Here is just an example, actually depends on your needs
Thanks, I'll try this. :full_moon_with_face:
I'm here again. :sweat_smile:
I've tried the code above, and it didn't work. But an idea just occurred into my mind: the bn_params in the prototxt are used to load the sole bn layer params during post processing, but I've trained the model by QAT which means the params of that sole bn layer have been changed. So I extract the sole bn params in deployable.pth(export by QAT) and replace it into prototxt, got:
The metrics are better than before, but still has a little loss compared to those on GPU. I'll try to debug it sometime, but now it seems to be OK. Thanks @DehuaTang .
I think this error is acceptable. python and c++ versions of the preprocessing interpolation method may have errors.
OK, thanks.
Hi, @DehuaTang .
I've used the offical released reid xmodel and slim model with sparsity=0.5. I compiled the xmodel and extracted the last bn params into the prototxt. And I test it by my c++ code and use python code to evaluate the metrics, got: Which are the same as released README:
This means my pre-post processing code should be correct. Here is my QAT code:
Does this can export correct xmodel?
Hello, can you please share with me the QAT script that you have used, here is my email: ikrame.bgr@gmail.com. I am having an error with qat_processor. Here is the error I am having
Hi, @IkrameBeggar I just commit the repo, you can refer this script. But it's based on a former version of VitisAI. Hope it's helpful.
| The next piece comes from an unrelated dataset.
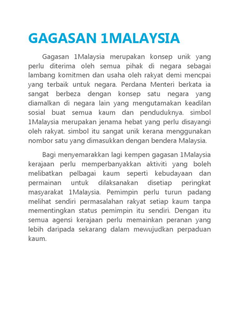Konsep gagasan 1 malaysia. Konsep 1 malaysia bukanlah satu wawasan atau gagasan pemikiran baru. 1 malaysia adalah penerusan agenda membina negara. Konsep 1 malaysia bukanlah satu wawasan atau gagasan pemikiran baru. Mahathir melalui konsep bangsa malaysia dan gagasan wawasan 2020 yang selepas itu dilestarikan pula oleh tun abdullah melalui misi nasional.
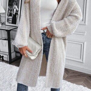 Khaki Casual Womens Drop Shoulder Open Front Cardigan

Hi, @IkrameBeggar I just commit the repo, you can refer this script. But it's based on a former version of VitisAI. Hope it's helpful.
Thank you very much. I really appreciate it
In Vitis-AI2.0, we first used mode='calib' to export quant config and then used mode='test' to dump xmodel. But in Vitis-AI2.5, the released quantizing code is quite far away from that in 2.0, the quantizing modes are 'train', 'deploy' and 'test' respectively. So what's the order of exporting xmodel?
The released script is used to test quantizing mode: Should I change mode to 'train' first and then change mode to 'deploy' to get xmodel if I want to acquire a quantizing model?
Looking forward to hearing from you.